A 15-metre waterfall at the head of the upper Yugawara valley - free, always open, with a foot bath at a tea house on the approach - and the forest retreat where Natsume Sōseki came while working on the novel he would never finish.

Natural site

  • Admission: Free
  • Hours: Always accessible
  • Access: About 13 minutes by Okuyugawara/Fudo Falls-bound bus from JR Yugawara Station; alight at Fudo Falls stop

Some details below are conservative defaults - see data notes for source conflicts.

About this place

The upper Yugawara valley narrows as it climbs away from the onsen district, and the falls mark roughly the point where the road gives way to forest. Fudo-no-taki drops 15 metres into a shallow pool, visible from the path a few steps before you reach it. The waterfall’s name comes from Fudō Myōo - the immovable, implacable deity at the edge of fire, a figure associated with waterfalls and ascetic practice throughout Japanese Buddhism. The small stone objects near the base are offerings from prayer visits that have made this a worship site since long before it became a tourist stop.
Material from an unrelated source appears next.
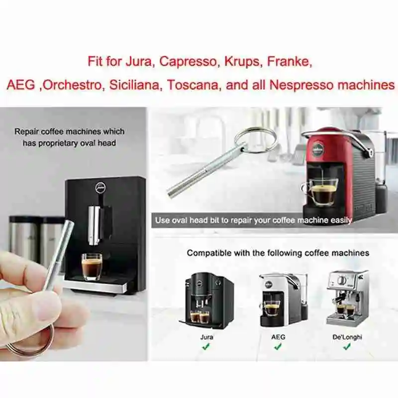 Non occupa il tuo spazio extra. 【Set pratico】Il set di chiavi della macchina da caffè comprende una chiave ovale e 6 anelli di gomma. Sono le parti di riparazione ideali per la tua macchina da caffè. Permette di riparare la macchina da caffè in modo efficiente. 【Ampia compatibilità】 Il set di chiavi per macchina da caffè ha un'elevata compatibilità ed è adatto per macchine da caffè Jura, Krups, AEG. Il materiale in acciaio inossidabile di alta qualità rende la chiave durevole e resistente alla corrosione, sufficiente per un uso prolungato. Pratico ed economico. [Facile da riporre È facile da rimuovere e puoi anche rimuovere facilmente le viti di bloccaggio sulla parete posteriore e sul lato inferiore. 【Robusta e durevole】 La chiave per macchina da caffè è realizzata in acciaio inossidabile 316 di alta qualità, con maggiore durezza e coppia più forte, che consente di ruotare liberamente la chiave durante la riparazione della macchina da caffè senza preoccuparsi della sua rottura. La superficie lucida argento lo rende pratico e bello. Tra questi, l'anello di gomma ha tre dimensioni, due per ciascuna delle tre dimensioni, grande, media e piccola. La superficie lucida è liscia e priva di bave e risulta confortevole. Robusto, impermeabile, resistente alla ruggine e alla corrosione. Macchina Caffe Capsule LYTIVAGEN Punta Per Cacciavite A Testa Ovale In Acciaio Inox Punta Per Chiave Triangolare Il materiale in acciaio inossidabile di alta qualità rende la chiave durevole e resistente alla corrosione, sufficiente per un uso prolungato. Pratico ed economico. Facile da trasportare e riporre. Piccole dimensioni e peso leggero.

The approach from the bus stop takes a few minutes through a river valley lined with tea houses. At least one runs a foot bath facing the river, with amazake and light refreshments. It is the kind of stop that makes a longer itinerary feel like it has a natural mid-point. The falls are always accessible - no admission, no gate, no particular hours - and the tourist association number (0465-64-1234) is listed for general enquiries rather than ticketing.

Natsume Sōseki spent time in the Yugawara valley while working on Meian (Meian, translated as Light and Darkness) - the novel he had been serialising in the Asahi Shimbun and did not live to finish. He died in December 1916 with the manuscript unresolved. The connection between this valley, the falls area, and that final year of work is documented in the literary record rather than invented by the tourism board. For readers of Sōseki it is worth knowing; for everyone else, the forest and the water are reason enough.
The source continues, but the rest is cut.